Tapi berupa janji emak untuk bersedekah kepada anak yatim yang setiap hari dicicil hingga minimal Rp 300 ribu. Alhamdulillah, kata emak, tidak sampai tiga bulan janjinya itu dapat ditunaikan. Itu pulalah awal ceritanya,sehingga bersedekah dengan anak yatim setiap hari, walaupun Rp 1.000.- menjadi tradisi keluarga kami.

Masuk Akal
Emak memberitahu soal itu saat aku dan kakakku diajak diskusi tentang managemen keuangan keluarga. Menurut emak itu penting, karena pembiayaan yang harus dikeluarkan setelah statusku mahasiswa menjadi bertambah.

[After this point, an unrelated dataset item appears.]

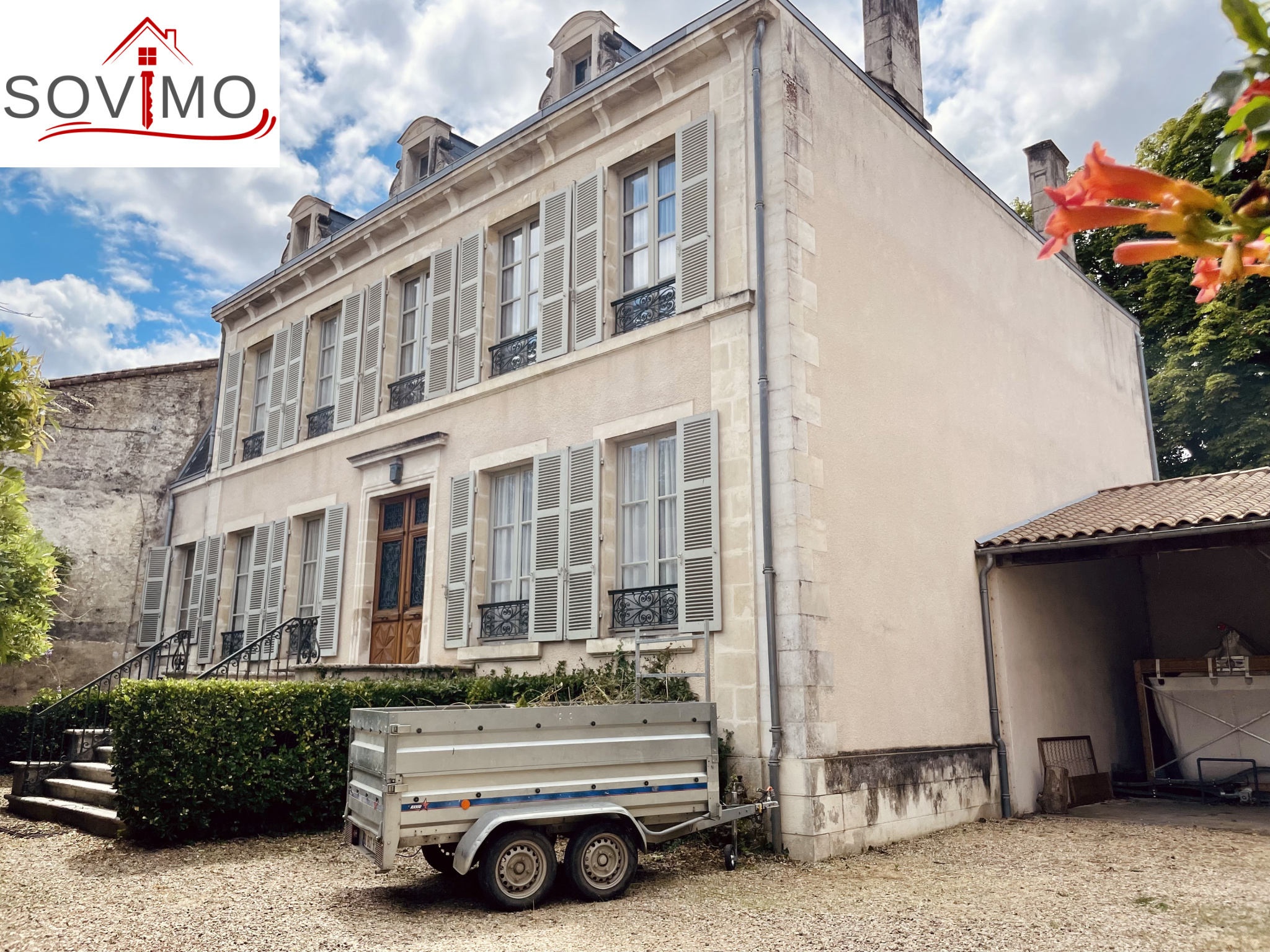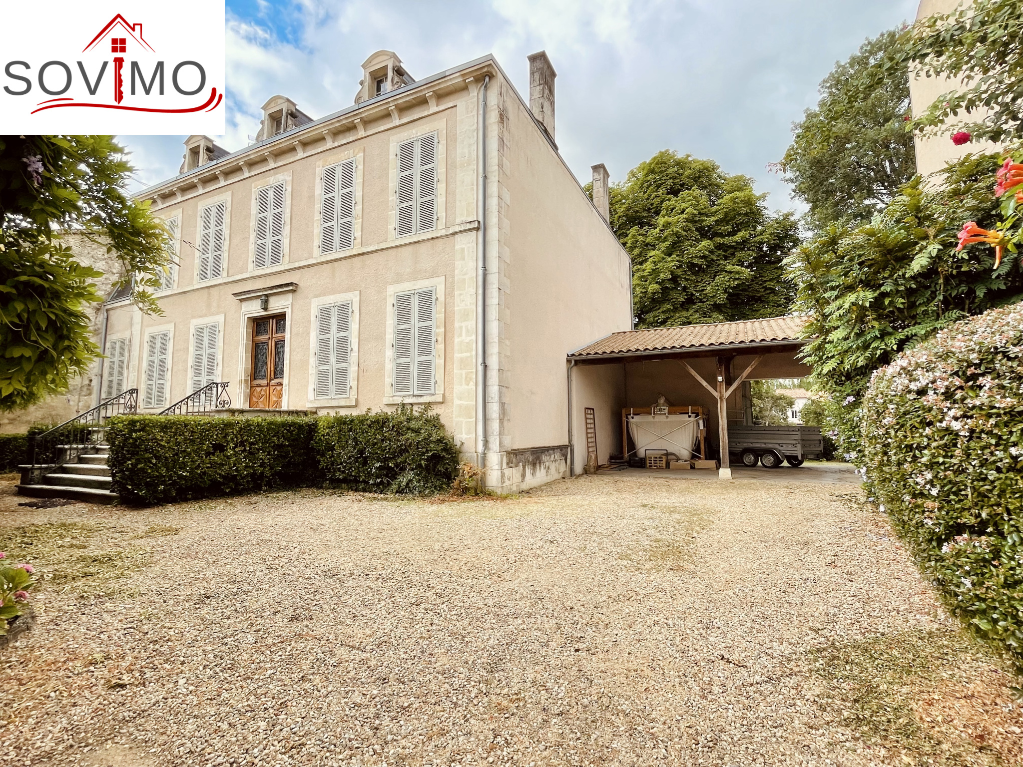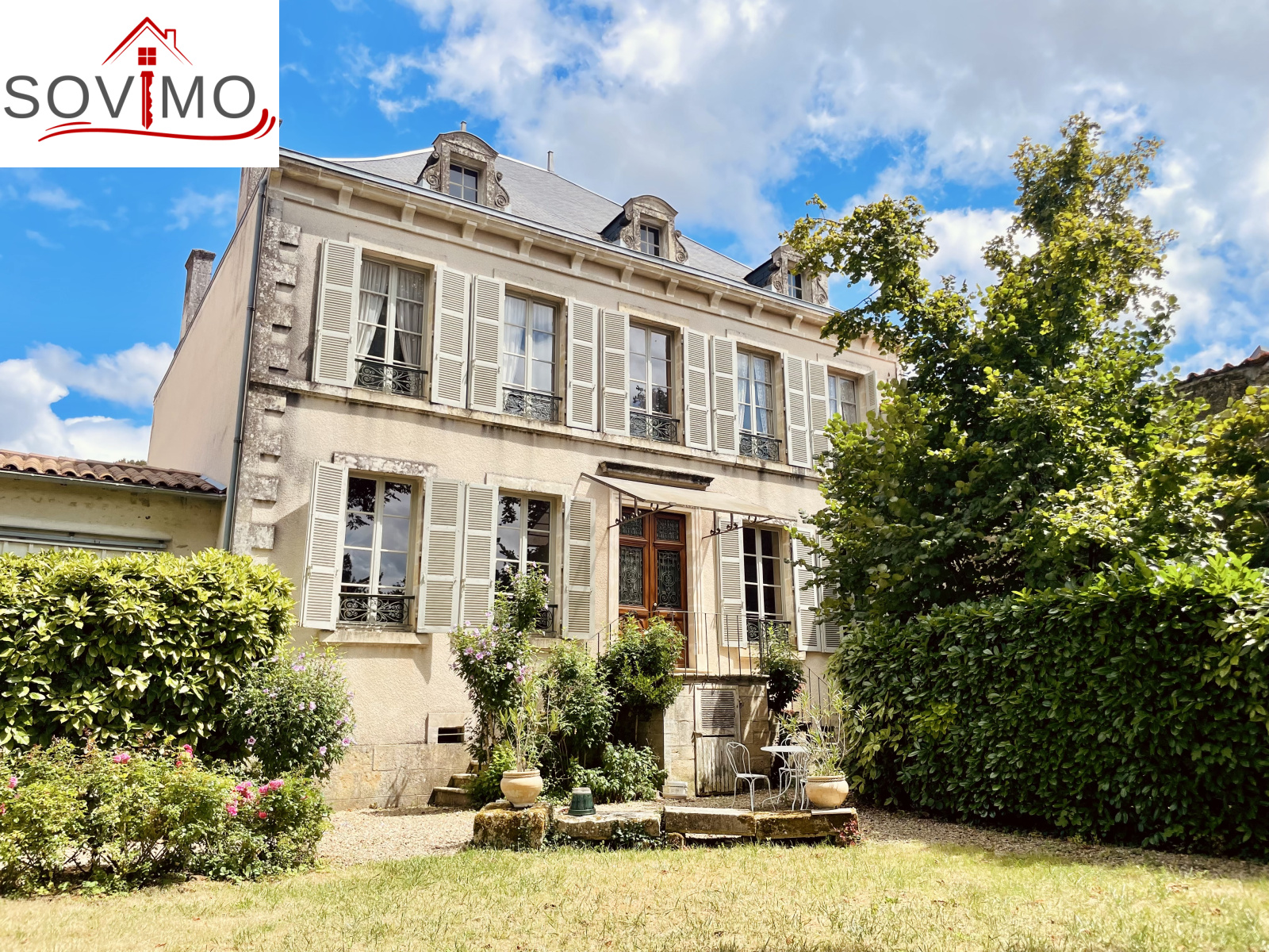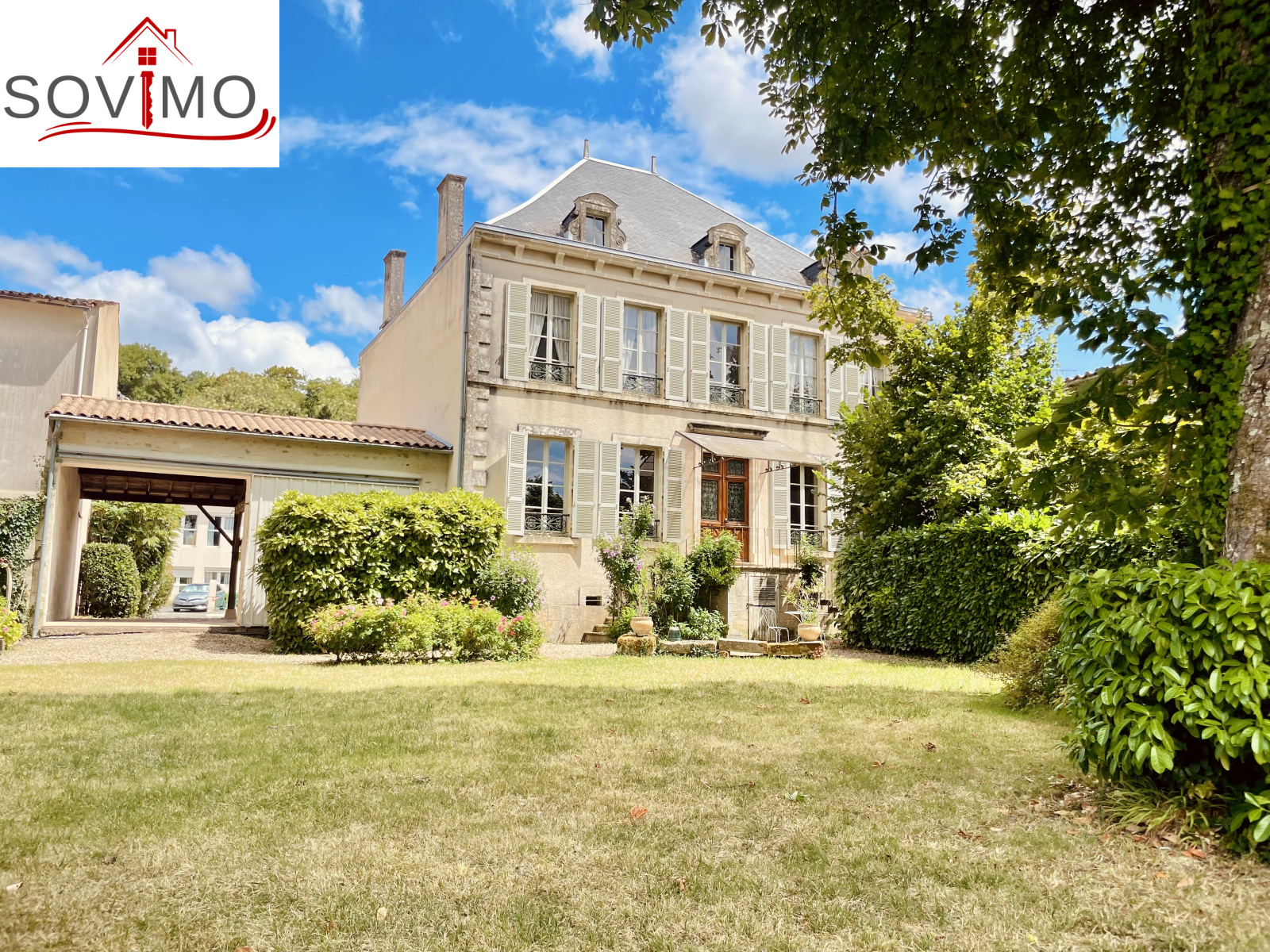 RÉF. 34876 : 349 800 euros HAI, La Mothe St Heray (79), centre ville, belle maison de Maître de 1882, caractère et authenticité, parc agrémenté d'une piscine et annexe, maison à usage d'habitation, 311 m2 env. utilisables, composée au rez de chaussée surélevé : hall d'entrée, cuisine aménagée équipée, salle à manger (cheminée), salon (cheminée), bureau, cabinet de toilette, boudoir, atelier de 13 m2, souillarde de 11 m2, au 1er étage : palier, 2 chambres, salle d'eau, wc, 2nd palier, dressing, 2 chambres avec salle d'eau, 1 chambre avec cabinet de toilette, au 2nd étage : grenier aménageable avec 2 anciennes chambres de bonne de 13 m2 et 8 m2, au sous sol semi enterré : 3 caves 55 m2, 25 m2 et 50 m2 et une chaufferie de 30 m2. Chauf. central granulés, assainissement collectif. Hangar attenant à usage de garage de 50 m2, annexe mitoyenne en pierre avec une pièce au rez de chaussée de 33 m2 et un pièce avec lavabo au 1er étage de 31 m2. Cour attenante, abri de jardin, de 25 m2, piscine enterrée couverte 8x5 avec PAC air/eau, parc arboré attenant avec verger, potager et puits, le tout sur 3925 m2.

Karena pemberitahuan itu pulalah akhirnya menjadi terlintas dipikiranku beberapa hal penting yang kami alami atau jalani selama dua tahun belakangan ini. Sehingga kesimpulannya, masuk diakal kalau cincin pelaris sumbangsih Abah Rahman itu punya tuah tersendiri bagi kami.

Salah satunya, emakku sering mengundang jiran tetangga yang kami yakini alim untuk sholat berjamaah di rumah. Kemudian doa bersama dan dijamu. Ini merupakan bentuk keyakinan emak bahwa kita butuh doa orang lain. Karena termotivasi bahwa, bergunanya cincin pelaris dari Abah Rahman itu, karena diawali dengan doa-doa Abah Rahman dan mungkin saja gurunya. Manfaatnya, usaha yang kami lakukan dalam berbagai hal menjadi lancar.

Begitulah faktanya. Aku jadi teringat, cincin pelaris yang dipakai emakku itu merupakan sumbangsih Abah Rahman. Yang ketika keyakinan kita benar, member dampak yang baik dalam berprilaku. Salah satunya, ya itu tadi, emakku jadi rajin mengundang jiran yang intinya minta didoakan.